--- Extracted entries ---

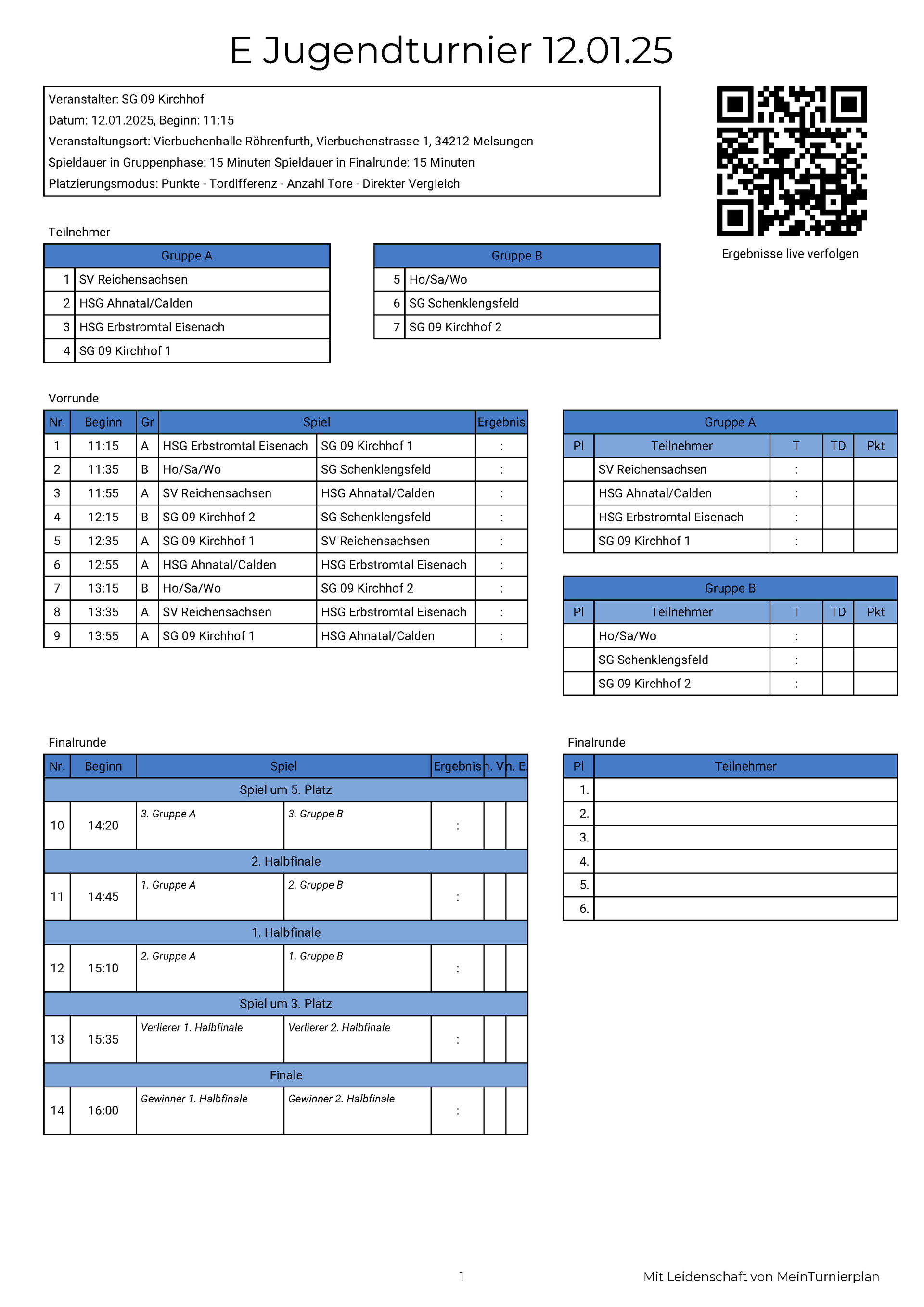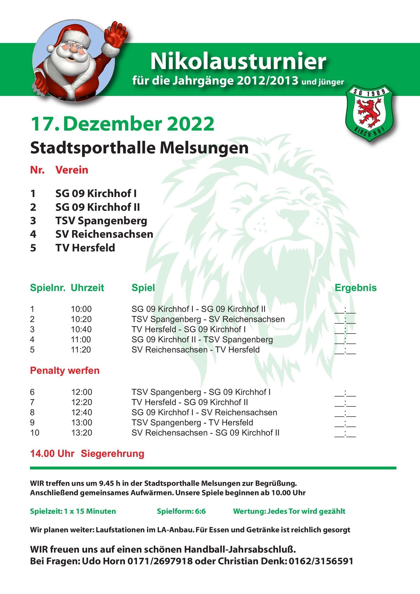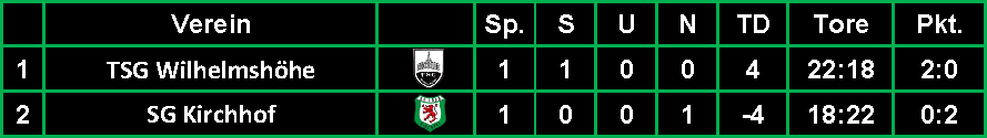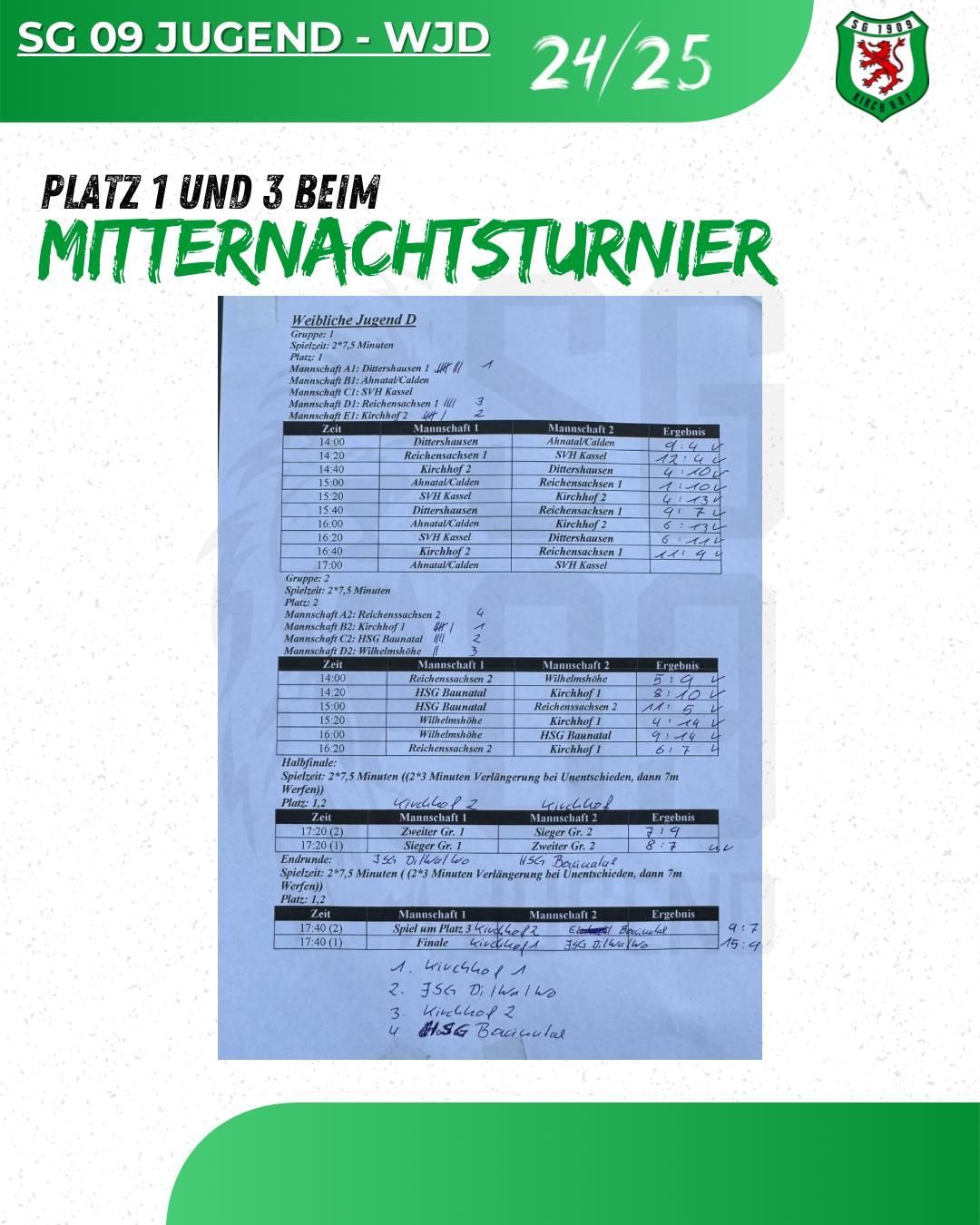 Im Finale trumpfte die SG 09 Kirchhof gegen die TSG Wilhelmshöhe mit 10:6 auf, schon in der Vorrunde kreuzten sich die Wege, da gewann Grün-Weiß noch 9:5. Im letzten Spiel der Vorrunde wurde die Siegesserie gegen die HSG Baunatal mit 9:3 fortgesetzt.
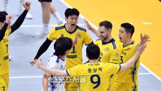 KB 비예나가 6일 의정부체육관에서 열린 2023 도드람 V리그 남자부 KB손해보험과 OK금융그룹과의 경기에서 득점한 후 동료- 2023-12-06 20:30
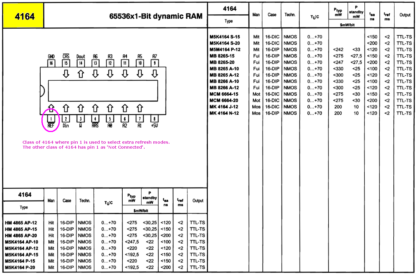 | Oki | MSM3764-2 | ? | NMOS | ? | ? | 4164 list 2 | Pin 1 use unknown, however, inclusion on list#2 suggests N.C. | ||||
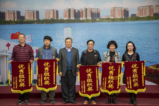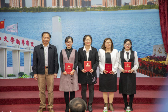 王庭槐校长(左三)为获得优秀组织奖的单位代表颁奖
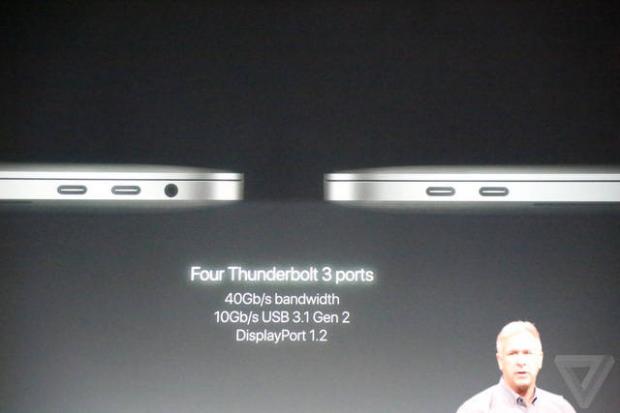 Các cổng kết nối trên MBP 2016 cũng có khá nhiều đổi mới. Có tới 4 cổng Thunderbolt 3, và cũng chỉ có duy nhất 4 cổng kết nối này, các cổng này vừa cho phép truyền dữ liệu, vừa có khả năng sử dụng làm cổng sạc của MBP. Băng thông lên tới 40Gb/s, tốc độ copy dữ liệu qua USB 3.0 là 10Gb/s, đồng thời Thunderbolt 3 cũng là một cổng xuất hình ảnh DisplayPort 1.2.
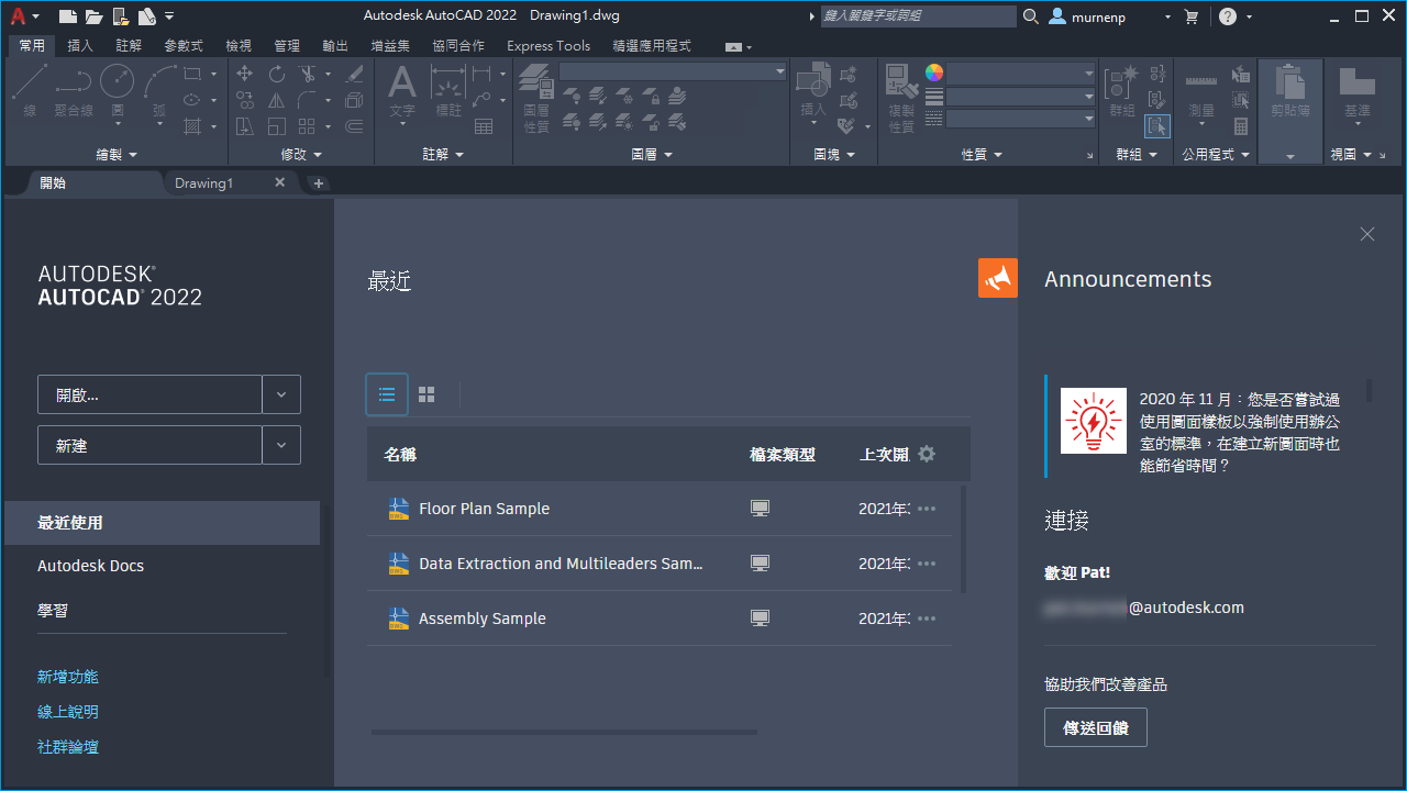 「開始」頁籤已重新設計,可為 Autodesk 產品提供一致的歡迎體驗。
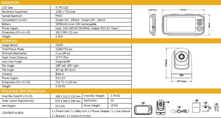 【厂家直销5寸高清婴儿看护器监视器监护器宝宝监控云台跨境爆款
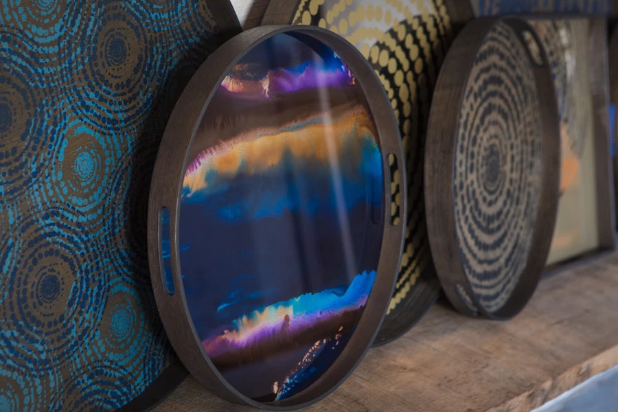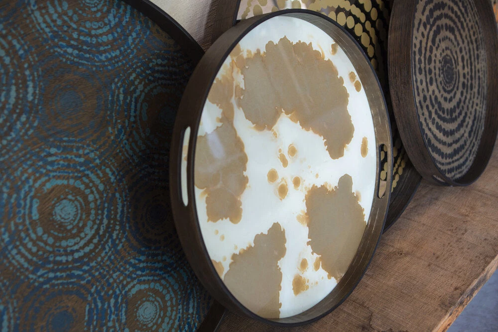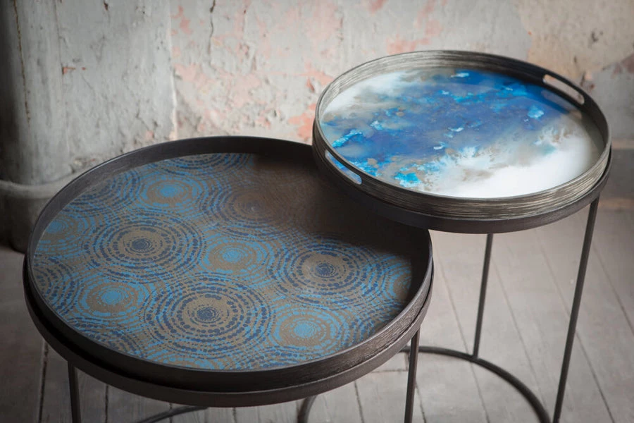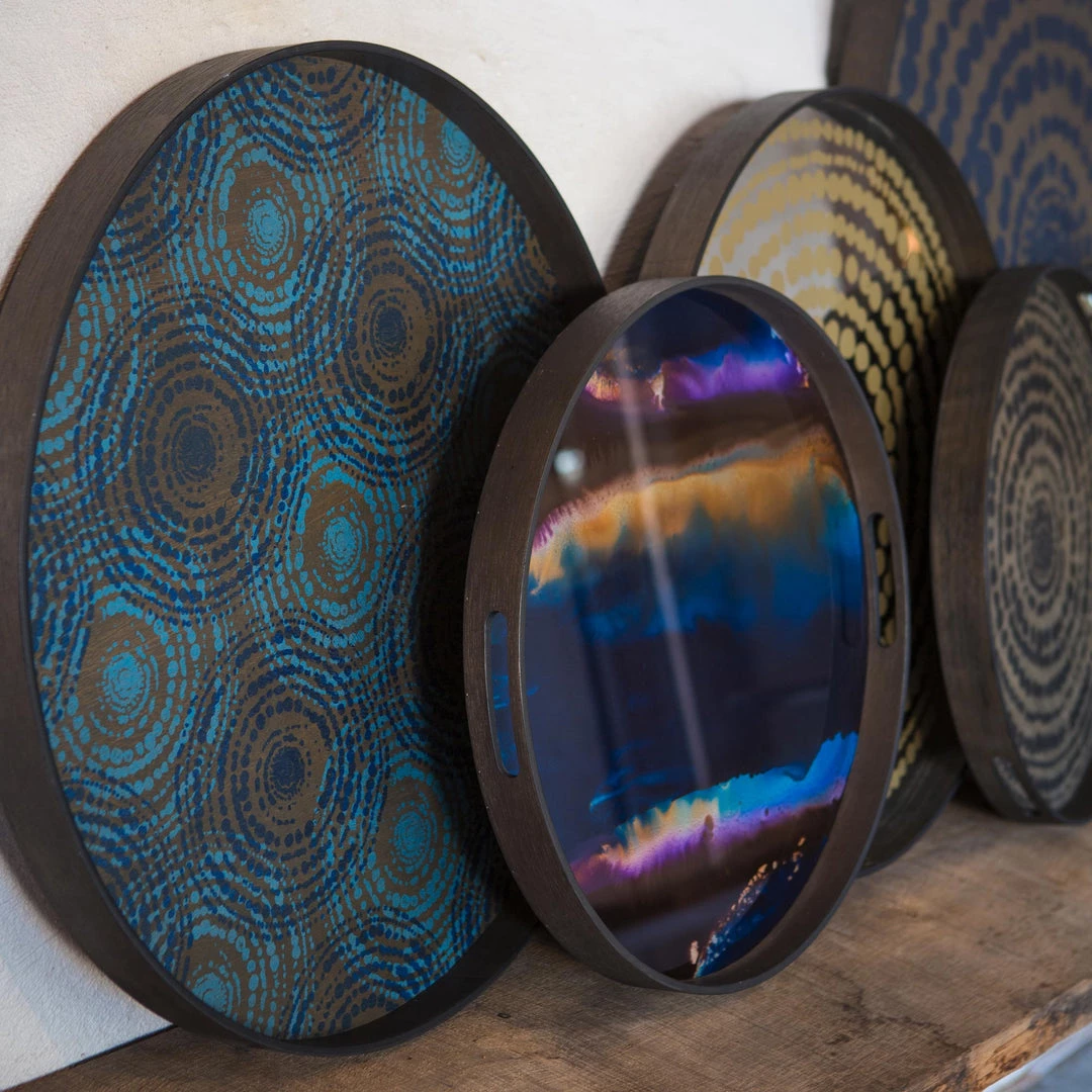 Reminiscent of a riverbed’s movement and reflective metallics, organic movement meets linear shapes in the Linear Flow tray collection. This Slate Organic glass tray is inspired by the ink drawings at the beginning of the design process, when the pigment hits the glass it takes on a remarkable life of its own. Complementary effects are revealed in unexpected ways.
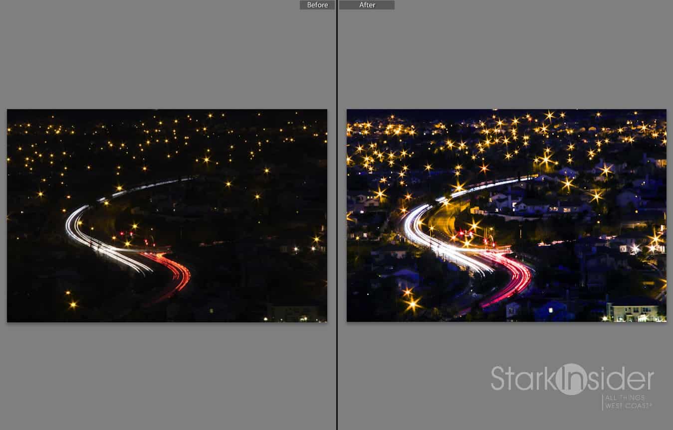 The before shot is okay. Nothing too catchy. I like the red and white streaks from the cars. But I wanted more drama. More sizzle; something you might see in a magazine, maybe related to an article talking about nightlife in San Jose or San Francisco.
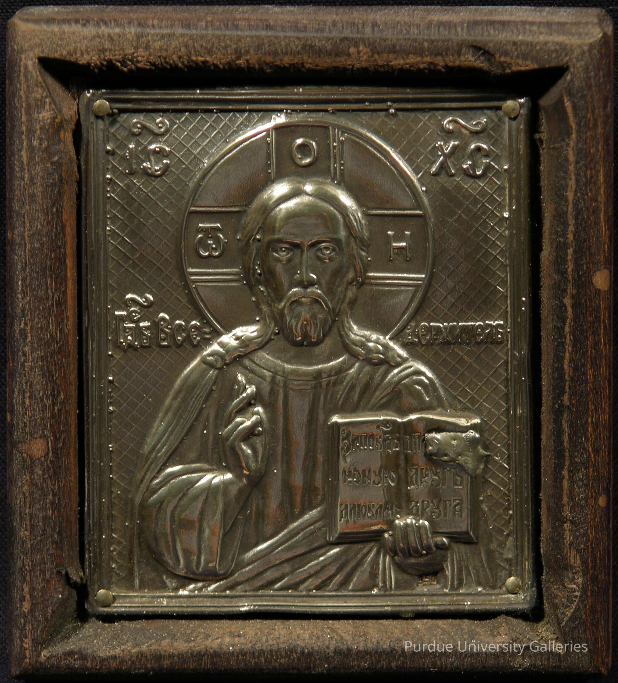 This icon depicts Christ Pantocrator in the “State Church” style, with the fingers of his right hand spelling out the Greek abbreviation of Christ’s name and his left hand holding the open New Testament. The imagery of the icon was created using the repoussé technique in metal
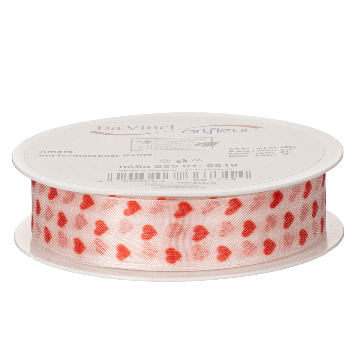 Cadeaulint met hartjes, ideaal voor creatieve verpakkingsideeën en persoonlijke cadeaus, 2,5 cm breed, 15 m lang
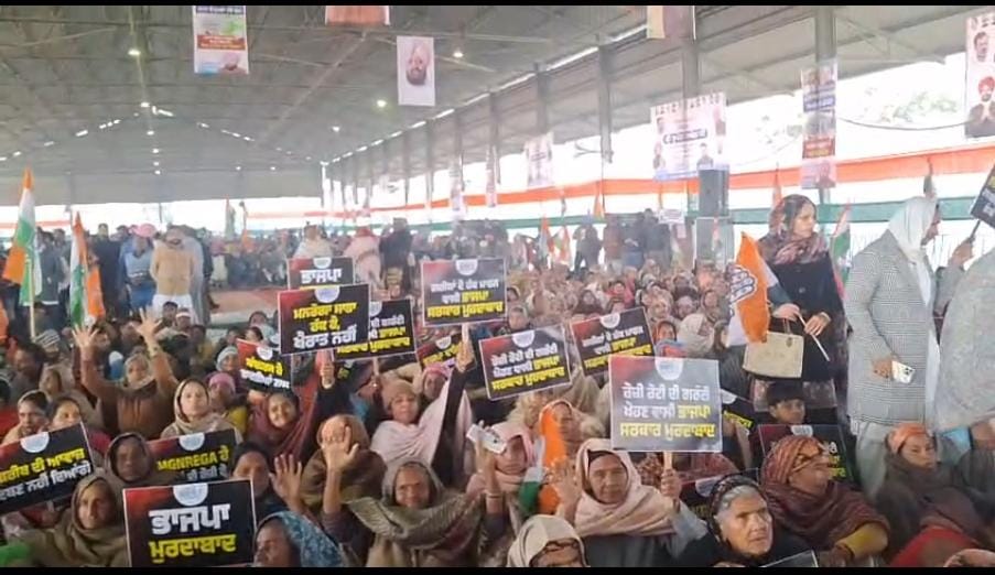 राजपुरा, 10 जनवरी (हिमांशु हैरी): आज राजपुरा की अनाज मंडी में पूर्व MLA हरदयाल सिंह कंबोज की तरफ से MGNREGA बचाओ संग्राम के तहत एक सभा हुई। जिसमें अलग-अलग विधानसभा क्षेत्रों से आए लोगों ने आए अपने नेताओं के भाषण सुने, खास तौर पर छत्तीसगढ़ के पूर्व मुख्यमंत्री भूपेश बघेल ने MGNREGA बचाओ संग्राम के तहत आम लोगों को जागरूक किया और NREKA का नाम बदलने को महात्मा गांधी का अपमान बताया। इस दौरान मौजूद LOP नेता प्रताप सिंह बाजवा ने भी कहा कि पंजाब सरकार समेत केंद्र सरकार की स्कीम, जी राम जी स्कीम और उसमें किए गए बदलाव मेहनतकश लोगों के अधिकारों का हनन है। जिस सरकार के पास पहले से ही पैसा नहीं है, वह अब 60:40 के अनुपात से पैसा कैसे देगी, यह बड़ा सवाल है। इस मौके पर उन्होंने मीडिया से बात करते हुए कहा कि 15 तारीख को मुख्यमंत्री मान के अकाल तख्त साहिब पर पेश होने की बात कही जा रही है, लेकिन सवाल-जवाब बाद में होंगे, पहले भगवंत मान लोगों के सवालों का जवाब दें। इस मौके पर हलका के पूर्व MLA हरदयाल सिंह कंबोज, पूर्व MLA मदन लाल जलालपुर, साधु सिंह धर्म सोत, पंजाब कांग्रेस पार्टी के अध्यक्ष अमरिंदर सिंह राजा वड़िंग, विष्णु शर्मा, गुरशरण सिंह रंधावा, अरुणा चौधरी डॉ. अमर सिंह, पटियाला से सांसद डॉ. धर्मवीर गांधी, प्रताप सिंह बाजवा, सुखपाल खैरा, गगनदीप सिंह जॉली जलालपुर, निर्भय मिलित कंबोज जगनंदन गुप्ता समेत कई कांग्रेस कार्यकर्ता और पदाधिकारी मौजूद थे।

---

- **Directions for this task**
Return the entries above exactly, skipping any images.

- **Task answer**
 Im Finale trumpfte die SG 09 Kirchhof gegen die TSG Wilhelmshöhe mit 10:6 auf, schon in der Vorrunde kreuzten sich die Wege, da gewann Grün-Weiß noch 9:5. Im letzten Spiel der Vorrunde wurde die Siegesserie gegen die HSG Baunatal mit 9:3 fortgesetzt.
 KB 비예나가 6일 의정부체육관에서 열린 2023 도드람 V리그 남자부 KB손해보험과 OK금융그룹과의 경기에서 득점한 후 동료- 2023-12-06 20:30
 | Oki | MSM3764-2 | ? | NMOS | ? | ? | 4164 list 2 | Pin 1 use unknown, however, inclusion on list#2 suggests N.C. | ||||
 王庭槐校长(左三)为获得优秀组织奖的单位代表颁奖
 Các cổng kết nối trên MBP 2016 cũng có khá nhiều đổi mới. Có tới 4 cổng Thunderbolt 3, và cũng chỉ có duy nhất 4 cổng kết nối này, các cổng này vừa cho phép truyền dữ liệu, vừa có khả năng sử dụng làm cổng sạc của MBP. Băng thông lên tới 40Gb/s, tốc độ copy dữ liệu qua USB 3.0 là 10Gb/s, đồng thời Thunderbolt 3 cũng là một cổng xuất hình ảnh DisplayPort 1.2.
 「開始」頁籤已重新設計,可為 Autodesk 產品提供一致的歡迎體驗。
 【厂家直销5寸高清婴儿看护器监视器监护器宝宝监控云台跨境爆款
 Reminiscent of a riverbed’s movement and reflective metallics, organic movement meets linear shapes in the Linear Flow tray collection. This Slate Organic glass tray is inspired by the ink drawings at the beginning of the design process, when the pigment hits the glass it takes on a remarkable life of its own. Complementary effects are revealed in unexpected ways.
 The before shot is okay. Nothing too catchy. I like the red and white streaks from the cars. But I wanted more drama. More sizzle; something you might see in a magazine, maybe related to an article talking about nightlife in San Jose or San Francisco.
 This icon depicts Christ Pantocrator in the “State Church” style, with the fingers of his right hand spelling out the Greek abbreviation of Christ’s name and his left hand holding the open New Testament. The imagery of the icon was created using the repoussé technique in metal
 Cadeaulint met hartjes, ideaal voor creatieve verpakkingsideeën en persoonlijke cadeaus, 2,5 cm breed, 15 m lang
 राजपुरा, 10 जनवरी (हिमांशु हैरी): आज राजपुरा की अनाज मंडी में पूर्व MLA हरदयाल सिंह कंबोज की तरफ से MGNREGA बचाओ संग्राम के तहत एक सभा हुई। जिसमें अलग-अलग विधानसभा क्षेत्रों से आए लोगों ने आए अपने नेताओं के भाषण सुने, खास तौर पर छत्तीसगढ़ के पूर्व मुख्यमंत्री भूपेश बघेल ने MGNREGA बचाओ संग्राम के तहत आम लोगों को जागरूक किया और NREKA का नाम बदलने को महात्मा गांधी का अपमान बताया। इस दौरान मौजूद LOP नेता प्रताप सिंह बाजवा ने भी कहा कि पंजाब सरकार समेत केंद्र सरकार की स्कीम, जी राम जी स्कीम और उसमें किए गए बदलाव मेहनतकश लोगों के अधिकारों का हनन है। जिस सरकार के पास पहले से ही पैसा नहीं है, वह अब 60:40 के अनुपात से पैसा कैसे देगी, यह बड़ा सवाल है। इस मौके पर उन्होंने मीडिया से बात करते हुए कहा कि 15 तारीख को मुख्यमंत्री मान के अकाल तख्त साहिब पर पेश होने की बात कही जा रही है, लेकिन सवाल-जवाब बाद में होंगे, पहले भगवंत मान लोगों के सवालों का जवाब दें। इस मौके पर हलका के पूर्व MLA हरदयाल सिंह कंबोज, पूर्व MLA मदन लाल जलालपुर, साधु सिंह धर्म सोत, पंजाब कांग्रेस पार्टी के अध्यक्ष अमरिंदर सिंह राजा वड़िंग, विष्णु शर्मा, गुरशरण सिंह रंधावा, अरुणा चौधरी डॉ. अमर सिंह, पटियाला से सांसद डॉ. धर्मवीर गांधी, प्रताप सिंह बाजवा, सुखपाल खैरा, गगनदीप सिंह जॉली जलालपुर, निर्भय मिलित कंबोज जगनंदन गुप्ता समेत कई कांग्रेस कार्यकर्ता और पदाधिकारी मौजूद थे।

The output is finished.